感謝の気持ちを忘れずに地道に前へ進みたい

  • ─ プライベートなことを教えてください。

     子どもが3人いて、長男は大学2年生、次男は高校3年生、長女は中学校1年生になりました。私が学生時代にバレーボールをしていた影響もあってか、長男と次男は小学校からバレーボールを始めて、クラブチームに所属していました。私も保護者の一人として指導に参加し、子どもたちにバレーボールを教えていました。上の2人は勉強に集中するため、バレーボールから離れましたが、長女は中学校でバレーボールを始めたばかりなので、休日は妻と2人で練習を見に行ったり、試合を応援しに行ったりしています。
     長男は今、看護師を目指して大学で勉強に励んでいます。
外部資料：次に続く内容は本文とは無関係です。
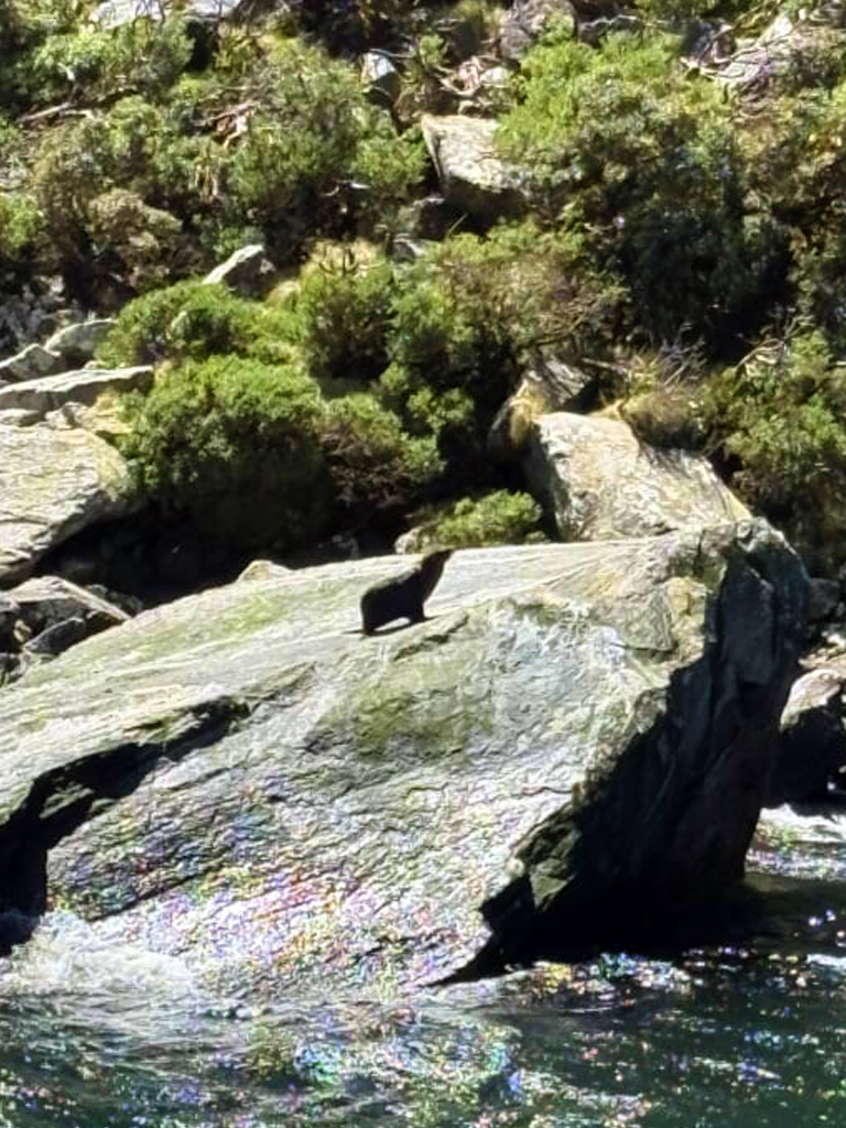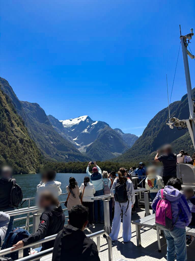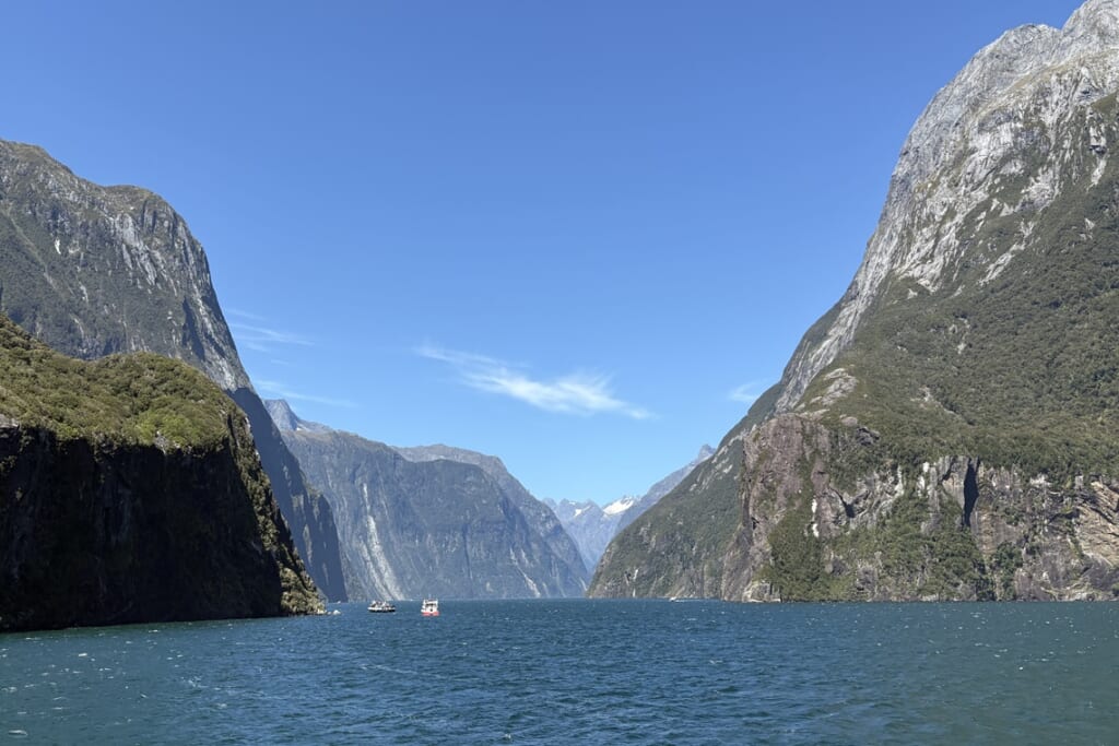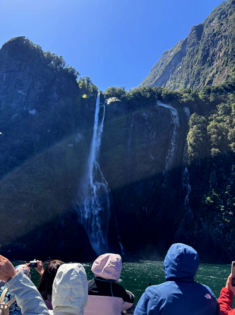 年間200日以上が雨か雪といわれるミルフォードサウンドで、雲一つない青空に恵まれることは本当に珍しいです。乗船後は船内でビュッフェスタイルの昼食をお召し上がりいただき、その後は右に左に切り立った山々や流れ落ちる滝をご覧いただきました。日向ぼっこ中のアザラシにも遭遇。次から次へと景色が切り替わるので、2時間のフィヨルドクルーズがあっという間に感じられました。

次男も「美容師になりたい」と、専門学校への進学に向けて頑張っています。子どもたちがそれぞれの目標を見つけて自分の道を進んでいく姿に、親として頼もしく感じますし、また「自分も負けていられない」と刺激を受けています。これまで子どもたちの成長を見るのが夫婦の楽しみだったので、子どもたちが巣立った後、どうやって過ごそうかと妻と話しているところです。その時は夫婦で楽しめる趣味を見つけたいです。

    ─ 将来のビジョンを教えてください。

     仕事では、社長から今年は仕込みにも入るようにと言われています。酒造りは転換期を迎えていて、これまでのように仕込みを蔵人に任せきりにするのではなく、従業員みんながサポートし合える体制をつくっていくことが求められています。長い年月をかけて培ってこられた職人の技術を身に付けるのは至難の業だと思いますが、私も簸上清酒の一員として仕込みの現場に加わり、酒造りの名人である出雲杜氏の仕事を間近で見ながら、少しずつでも前に進んでいけたらと考えています。
     プライベートでは、長男がもうすぐ成人を迎えるので、長男と一緒に簸上清酒のお酒で乾杯したいです。そして、「うちの酒だぞ」と自慢したいですね。子どもたちの夢を応援するためにも、まだまだ元気で働いていかなければなりません。こうやって、今、簸上清酒でイキイキと働けているのも、3年前に社長と専務に声をかけいただいたお陰だと感謝しています。そして、一緒に仕事する皆さんや、簸上清酒のお酒を飲んでくださる皆さん、商品を取り扱ってくださる小売店や飲食店の皆さん、共に人生を過ごしてきた妻と子どもたち―、自分に関わってくれる全ての人に感謝の気持ちでいっぱいです。これからも感謝の気持ちを忘れず、自分の成長を信じて頑張っていきたいです。


  • 学生時代から続けているバレーボール

  • 子どもたちと花火

  • 家族で夜桜見学

  • 簸上清酒合名会社

    斐伊川の源流に位置し、古代よりたたら製鉄で栄えた奥出雲町。簸上清酒合名会社は、神話「ヤマタノオロチ」の舞台として知られ、出雲国風土記にも記されている船通山の伏流水を仕込み水に、地元産の酒造好適米を使って、酒造りの名人である出雲杜氏が伝統の技を振るう老舗蔵です。仕込み時に泡が立たない「泡無酵母」の発祥の蔵としても知られています。真摯に水と米に向き合い、日々精進して醸した酒は、国内の鑑評会や品評会で数々の優秀な賞を受けているだけでなく、フランスやイギリス、香港などの品評会でも高い評価をいただいています。3年前に発売した「七冠馬 純米大吟醸」も、たくさんの方にご好評いただいている一本です。